* [Data extract]:

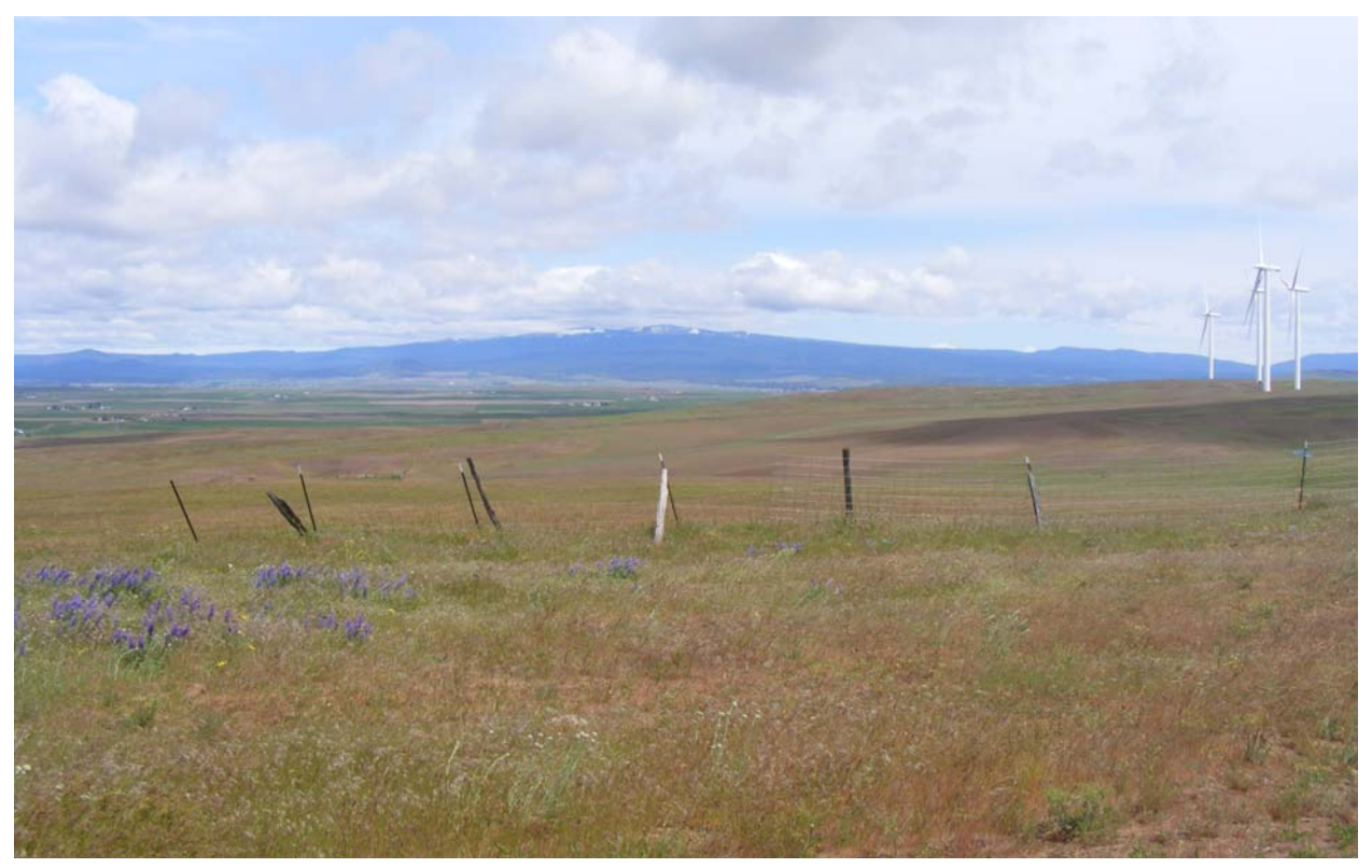
Figure 2-27. View from Cameron Road (near E17, looking east)
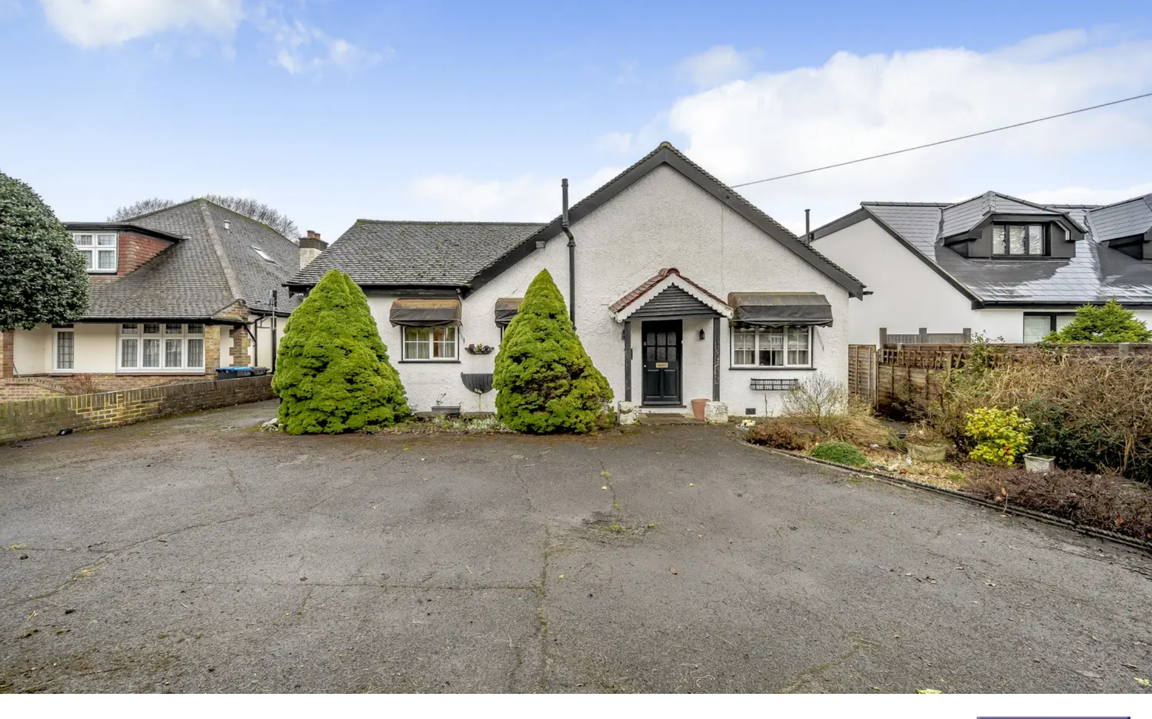
203 Farleigh Road, Warlingham - CR6 9EH Guide Price £625,000
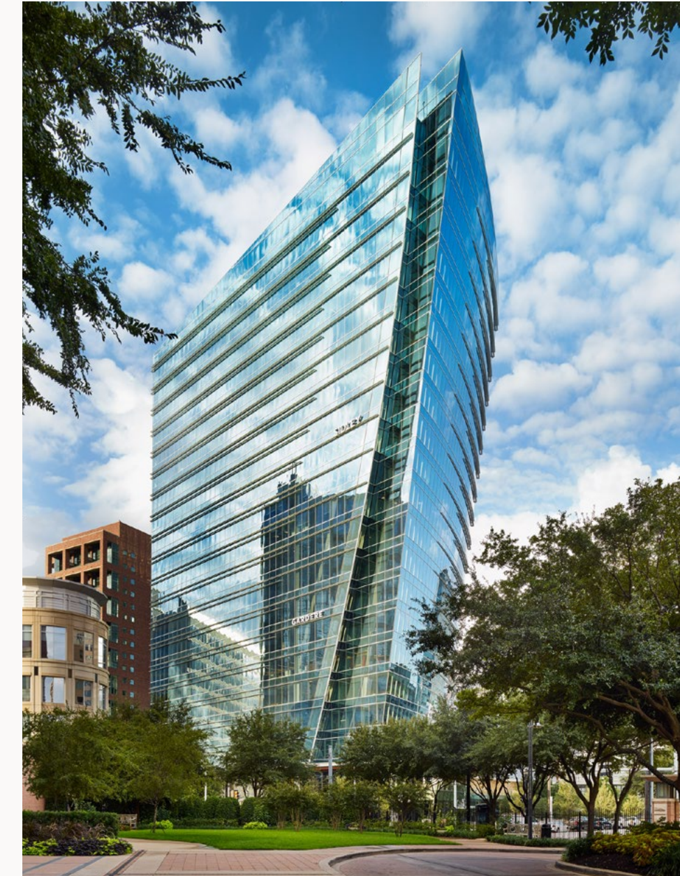
McKinney & Olive Dallas, TX

642,670 RSF 16,455 SF Upscale Restaurants Largest Office Building In Uptown Dallas
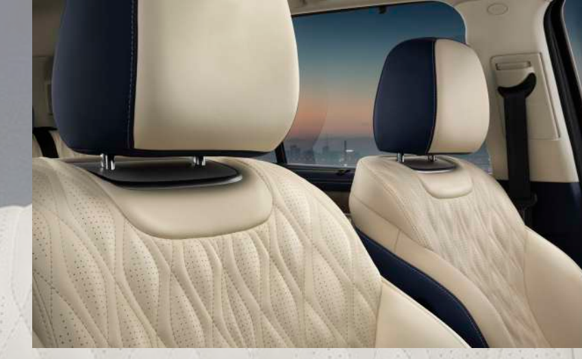
NAPPA Seats Meticulously tailored premium-grade NAPPA leather seats

Experience the sensory pleasure of fine craftsmanship detailedin every aspect of the car and the luxury that can only be experienced through the highest quality materials. Enjoy the journey in this exceptional space, tailor-made for unforgettable memories.
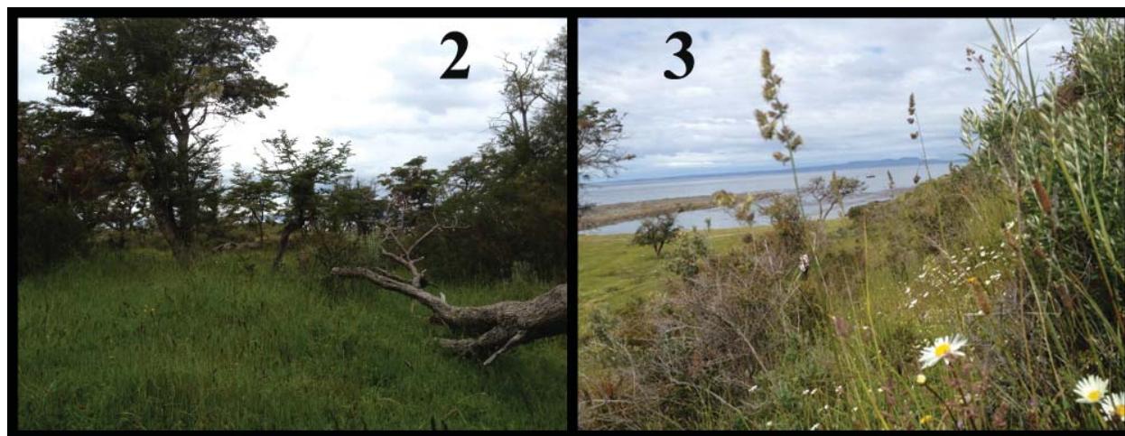
Figures 2-3. Habitat at Puerto de Hambre. 2) Wet wooded grassland similar to where the milliped was discovered; the trees are Nothofagus ?betuloides . 3) Dry shrubby grassland on slope leading to the Strait of Magellan, adjacent to the wetter site where the milliped was collected.

Brazil in general (Schubart 1946, Blower 1985, Korsós and Enghoff 1990). São Paulo State in general (Schubart 1963); São Paulo, Departamento de Botânica da Universidade de São Paulo (Schubart 1946, 1947).
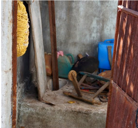
Defunct toilet in Madhya Pradesh.

Usage is much more difficult and expensive to measure than just counting toilets. Partial usage is even more difficult to monitor and requires household surveys that ask about sanitation habits of all members within a household or extensive observations. Statistics for partial usage are sensitive to survey methodology and the questions asked (for a critical analysis for India see Coffey and Spears 2014), further complicating matters. Methodology is rarely described in reports and wording of qualifying statistics is often vague. In consequence, the statistics on this that are available and presented below must be taken as indicative rather than precise.
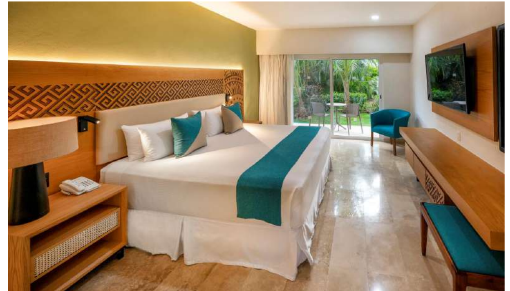
Superior Garden View
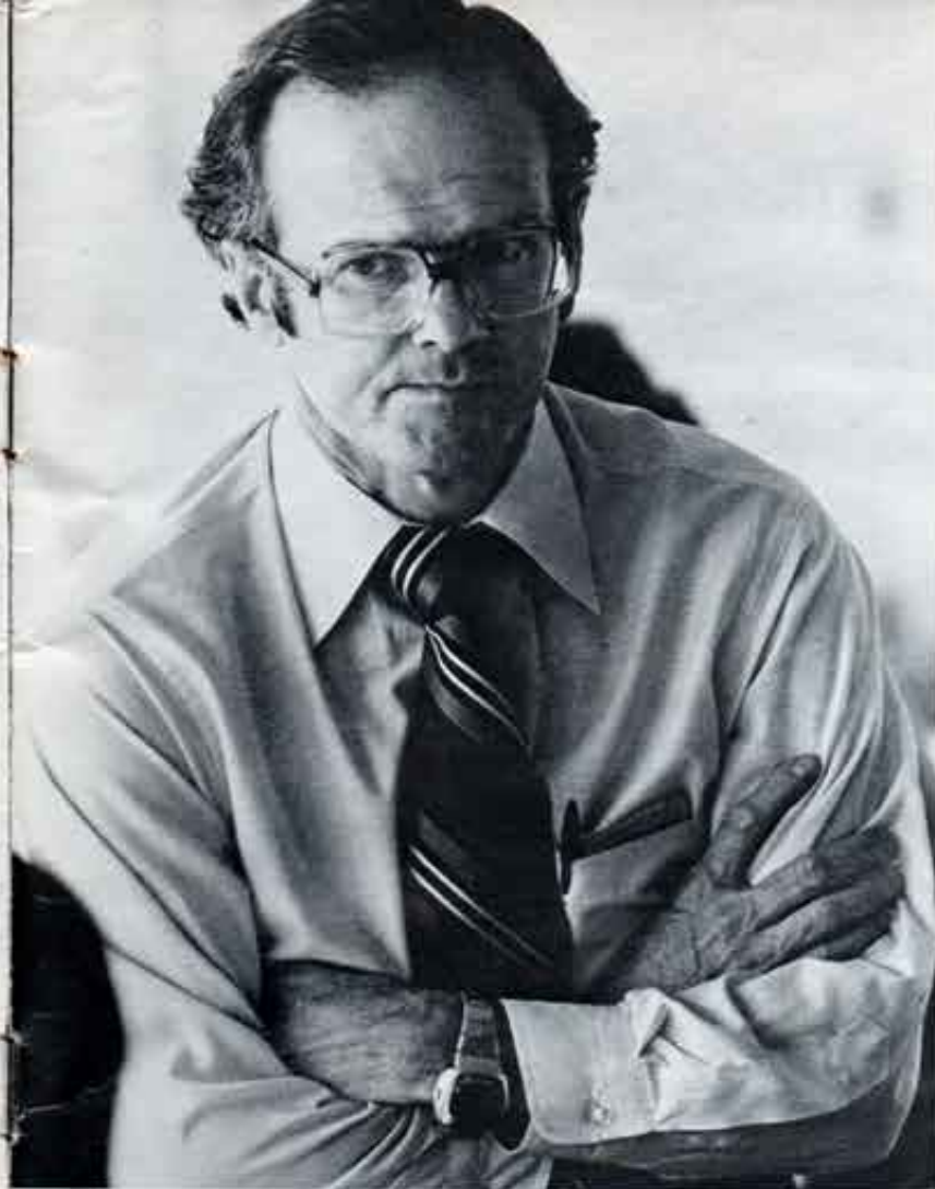
DECISIONS: Lamar Hunt contemplates the future plans for Worlds of Fun.
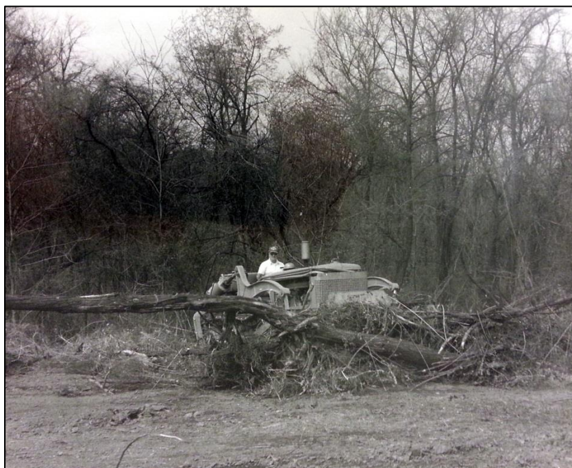
Figure 1: Clearing of the West Wall Area in 1980(?).

The earliest notes seem to indicate that investigations started in the late 1970s and continued into the mid-1980s, with some later work, in 1993, at least reestablishing damaged datums. Notes on one of the maps dated September 25, 1981 indicate that the land had been "farmed into the early 1900s and fauna both wild and domestic inhabited the entire hilltop. The site has been disturbed extensively during the past 10 years by the owner clearing the hill top of trees and grape vines and other wild flora..." (Scammyhorn n.d.). Another note indicates that Scammyhorn visited the Glens to photograph their private collection in 1976 with Charles Oehler (then Curator of Archaeology, CMNH). The location and condition of the Glenn collection is unknown, and only Scammyhorn's notes and photographs of the collection are in the possession of the CMC. Genheimer (personal communication, December 2013) believes that Scammyhorn's initial investigations were a sort of salvage required by damage caused by land clearance activities. Indeed some of the photographs show heavy equipment being used to clear brush from the surface (Figure 1). This event appears to be Scammyhorn's earliest direct involvement with the site.
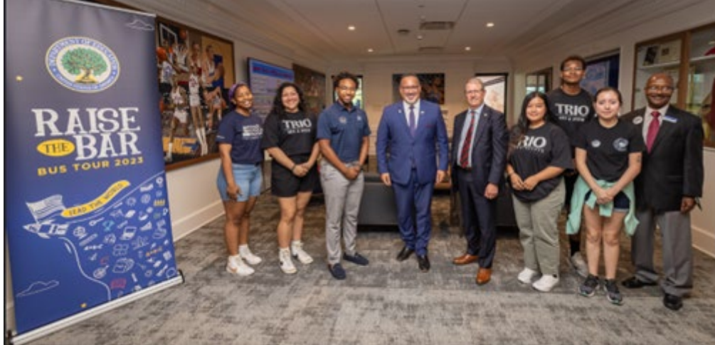
Group Photo with Secretary Cardona and students of the McNair and TRIO programs attending Kansas.

On Sept. 5, U.S. Secretary of Education Miguel Cardona launched the “Back to School Bus Tour 2023: Raise the Bar.” This week-long, multi-state road trip showcased the many ways schools, families, and communities are doubling down on accelerating student learning and raising the bar in education.
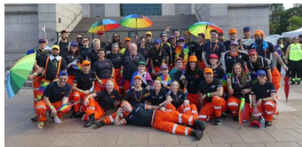
Below: Sutton members join the NSW SES at the Mardi Gras parade in Sydney
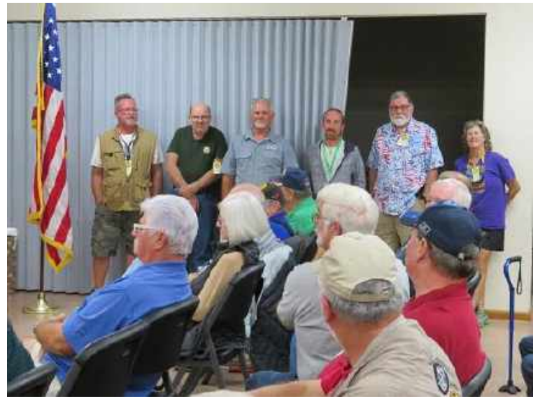
First Place Winners March 2022
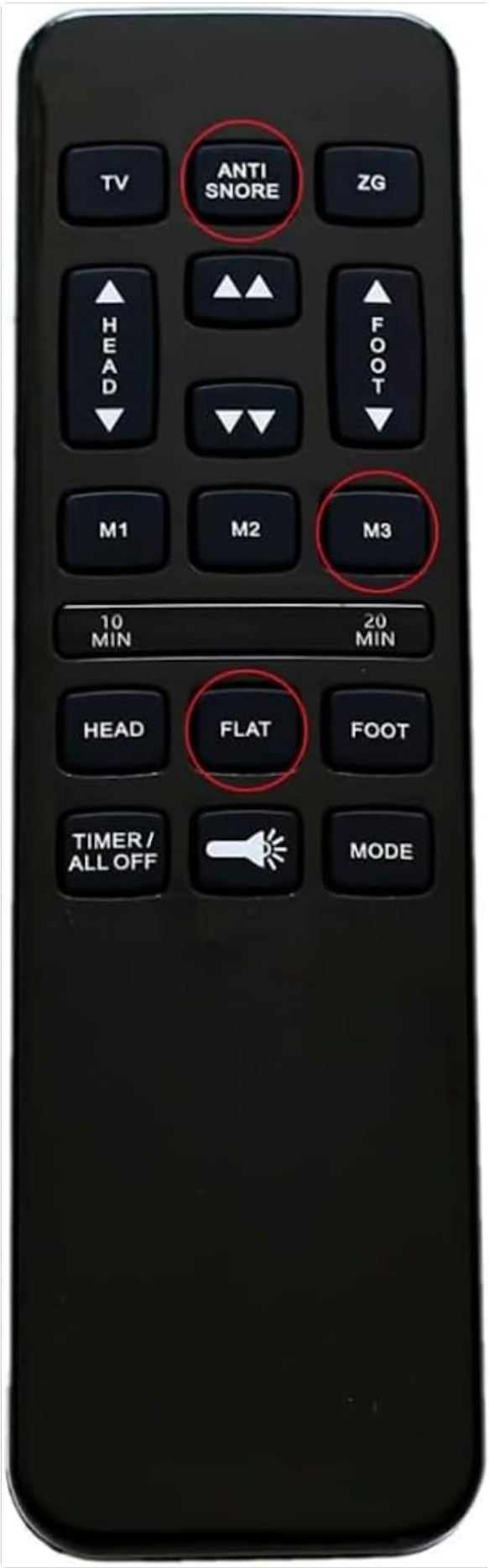
Image: A detailed view of the HJH55 remote control, highlighting key buttons such as "ANTI SNORE", "M3" (memory preset), and "FLAT" with red circles.

The HJH55 Remote Control provides intuitive control over your adjustable bed base. Familiarize yourself with the button functions:

* [Aim of the exercise]: The result should be the full material above, word for word, with its pictures omitted.

* [Output below]:
Figure 2-27. View from Cameron Road (near E17, looking east)
203 Farleigh Road, Warlingham - CR6 9EH Guide Price £625,000
McKinney & Olive Dallas, TX

642,670 RSF 16,455 SF Upscale Restaurants Largest Office Building In Uptown Dallas
NAPPA Seats Meticulously tailored premium-grade NAPPA leather seats

Experience the sensory pleasure of fine craftsmanship detailedin every aspect of the car and the luxury that can only be experienced through the highest quality materials. Enjoy the journey in this exceptional space, tailor-made for unforgettable memories.
Figures 2-3. Habitat at Puerto de Hambre. 2) Wet wooded grassland similar to where the milliped was discovered; the trees are Nothofagus ?betuloides . 3) Dry shrubby grassland on slope leading to the Strait of Magellan, adjacent to the wetter site where the milliped was collected.

Brazil in general (Schubart 1946, Blower 1985, Korsós and Enghoff 1990). São Paulo State in general (Schubart 1963); São Paulo, Departamento de Botânica da Universidade de São Paulo (Schubart 1946, 1947).
Defunct toilet in Madhya Pradesh.

Usage is much more difficult and expensive to measure than just counting toilets. Partial usage is even more difficult to monitor and requires household surveys that ask about sanitation habits of all members within a household or extensive observations. Statistics for partial usage are sensitive to survey methodology and the questions asked (for a critical analysis for India see Coffey and Spears 2014), further complicating matters. Methodology is rarely described in reports and wording of qualifying statistics is often vague. In consequence, the statistics on this that are available and presented below must be taken as indicative rather than precise.
Superior Garden View
DECISIONS: Lamar Hunt contemplates the future plans for Worlds of Fun.
Figure 1: Clearing of the West Wall Area in 1980(?).

The earliest notes seem to indicate that investigations started in the late 1970s and continued into the mid-1980s, with some later work, in 1993, at least reestablishing damaged datums. Notes on one of the maps dated September 25, 1981 indicate that the land had been "farmed into the early 1900s and fauna both wild and domestic inhabited the entire hilltop. The site has been disturbed extensively during the past 10 years by the owner clearing the hill top of trees and grape vines and other wild flora..." (Scammyhorn n.d.). Another note indicates that Scammyhorn visited the Glens to photograph their private collection in 1976 with Charles Oehler (then Curator of Archaeology, CMNH). The location and condition of the Glenn collection is unknown, and only Scammyhorn's notes and photographs of the collection are in the possession of the CMC. Genheimer (personal communication, December 2013) believes that Scammyhorn's initial investigations were a sort of salvage required by damage caused by land clearance activities. Indeed some of the photographs show heavy equipment being used to clear brush from the surface (Figure 1). This event appears to be Scammyhorn's earliest direct involvement with the site.
Group Photo with Secretary Cardona and students of the McNair and TRIO programs attending Kansas.

On Sept. 5, U.S. Secretary of Education Miguel Cardona launched the “Back to School Bus Tour 2023: Raise the Bar.” This week-long, multi-state road trip showcased the many ways schools, families, and communities are doubling down on accelerating student learning and raising the bar in education.
Below: Sutton members join the NSW SES at the Mardi Gras parade in Sydney
First Place Winners March 2022
Image: A detailed view of the HJH55 remote control, highlighting key buttons such as "ANTI SNORE", "M3" (memory preset), and "FLAT" with red circles.

The HJH55 Remote Control provides intuitive control over your adjustable bed base. Familiarize yourself with the button functions:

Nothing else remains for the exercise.